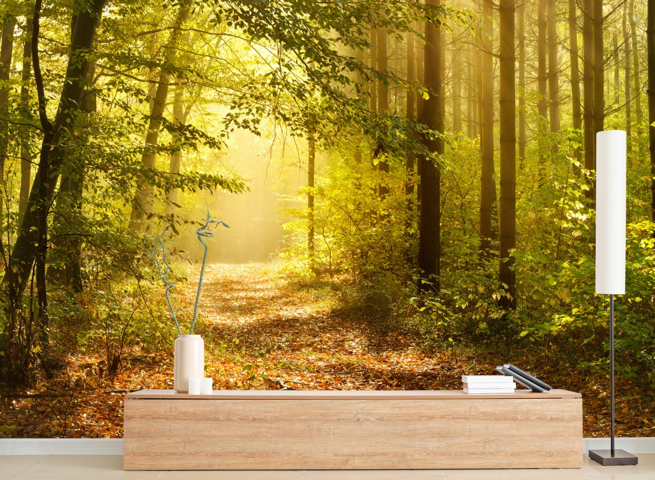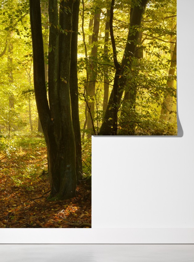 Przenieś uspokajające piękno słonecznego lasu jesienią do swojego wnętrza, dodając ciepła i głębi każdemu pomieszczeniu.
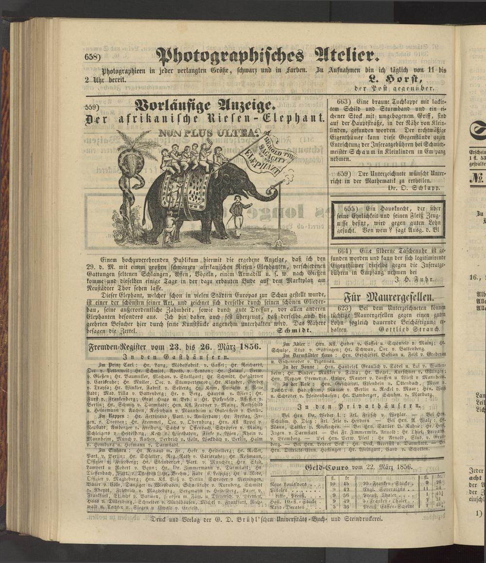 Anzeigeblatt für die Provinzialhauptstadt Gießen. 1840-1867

----------------

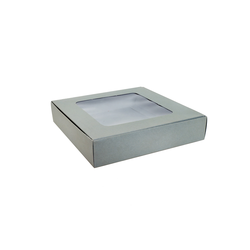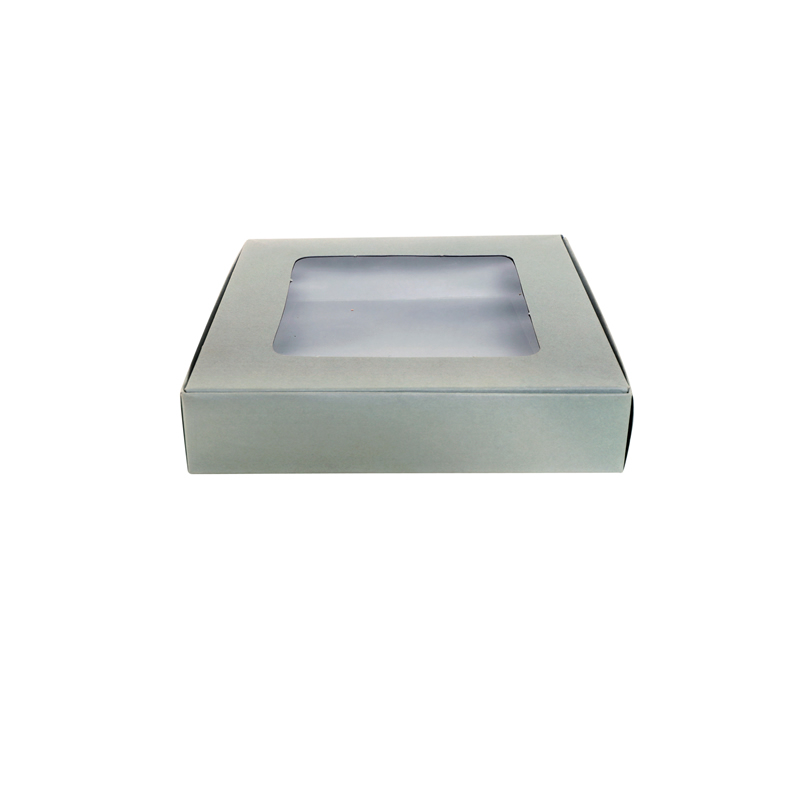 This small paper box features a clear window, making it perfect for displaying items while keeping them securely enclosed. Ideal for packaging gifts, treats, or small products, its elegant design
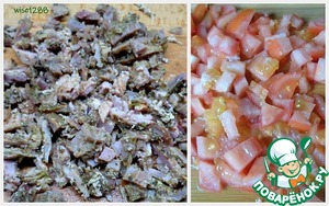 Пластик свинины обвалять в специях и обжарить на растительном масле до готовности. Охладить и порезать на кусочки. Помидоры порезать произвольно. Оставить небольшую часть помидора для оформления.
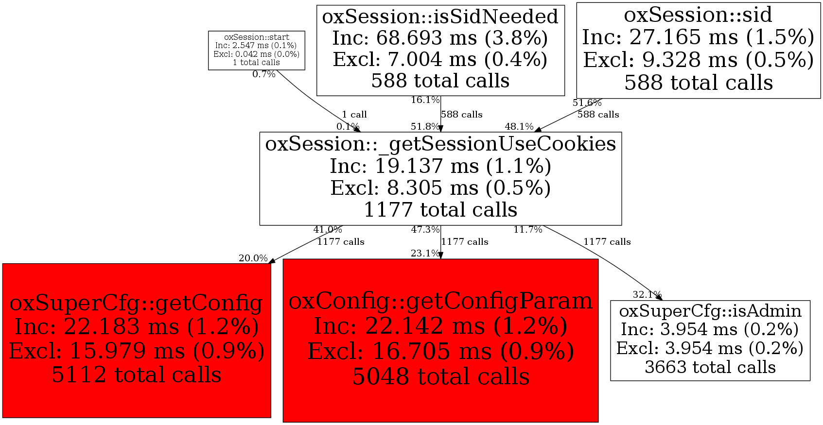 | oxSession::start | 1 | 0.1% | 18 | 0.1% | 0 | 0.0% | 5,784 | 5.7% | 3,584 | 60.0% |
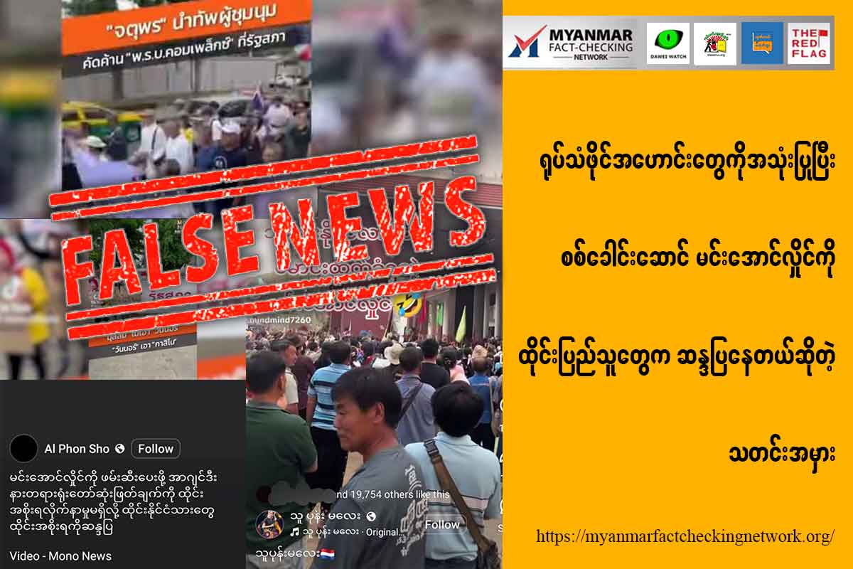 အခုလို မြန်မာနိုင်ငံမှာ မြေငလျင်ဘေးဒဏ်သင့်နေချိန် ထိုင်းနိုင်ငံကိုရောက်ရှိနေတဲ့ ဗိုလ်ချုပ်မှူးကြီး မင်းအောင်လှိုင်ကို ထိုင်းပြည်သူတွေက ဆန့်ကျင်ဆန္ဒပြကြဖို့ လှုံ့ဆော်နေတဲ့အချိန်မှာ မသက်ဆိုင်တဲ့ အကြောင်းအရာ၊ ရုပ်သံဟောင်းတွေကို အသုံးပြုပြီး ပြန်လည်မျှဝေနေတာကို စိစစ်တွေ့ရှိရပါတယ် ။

----------------

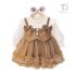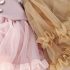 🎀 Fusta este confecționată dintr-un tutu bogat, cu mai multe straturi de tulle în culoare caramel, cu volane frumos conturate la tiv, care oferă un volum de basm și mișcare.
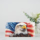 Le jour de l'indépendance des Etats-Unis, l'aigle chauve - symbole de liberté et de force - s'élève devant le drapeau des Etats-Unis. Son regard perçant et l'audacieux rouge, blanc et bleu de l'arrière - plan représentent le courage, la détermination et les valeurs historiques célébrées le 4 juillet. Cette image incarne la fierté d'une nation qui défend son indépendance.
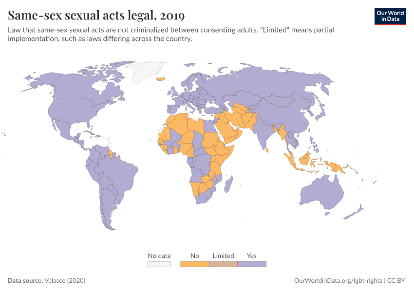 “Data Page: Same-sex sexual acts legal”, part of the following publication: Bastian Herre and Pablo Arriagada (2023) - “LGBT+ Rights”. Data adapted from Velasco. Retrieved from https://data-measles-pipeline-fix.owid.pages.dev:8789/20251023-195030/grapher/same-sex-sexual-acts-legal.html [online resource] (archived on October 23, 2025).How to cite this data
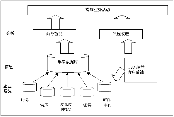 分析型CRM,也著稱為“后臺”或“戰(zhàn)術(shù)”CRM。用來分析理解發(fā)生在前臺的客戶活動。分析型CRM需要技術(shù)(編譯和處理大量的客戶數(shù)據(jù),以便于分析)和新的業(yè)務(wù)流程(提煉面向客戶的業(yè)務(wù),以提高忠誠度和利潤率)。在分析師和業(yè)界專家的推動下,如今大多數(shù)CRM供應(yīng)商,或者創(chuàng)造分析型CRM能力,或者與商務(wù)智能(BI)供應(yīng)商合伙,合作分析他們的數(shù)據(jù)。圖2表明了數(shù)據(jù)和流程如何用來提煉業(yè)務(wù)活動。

----------------

TASK: Repeat exactly, and only, the entries from the line with "Przenieś uspokajające piękno" through the line with "Anzeigeblatt für die". Pictures are skipped.

ANSWER AREA:
 Przenieś uspokajające piękno słonecznego lasu jesienią do swojego wnętrza, dodając ciepła i głębi każdemu pomieszczeniu.
 Anzeigeblatt für die Provinzialhauptstadt Gießen. 1840-1867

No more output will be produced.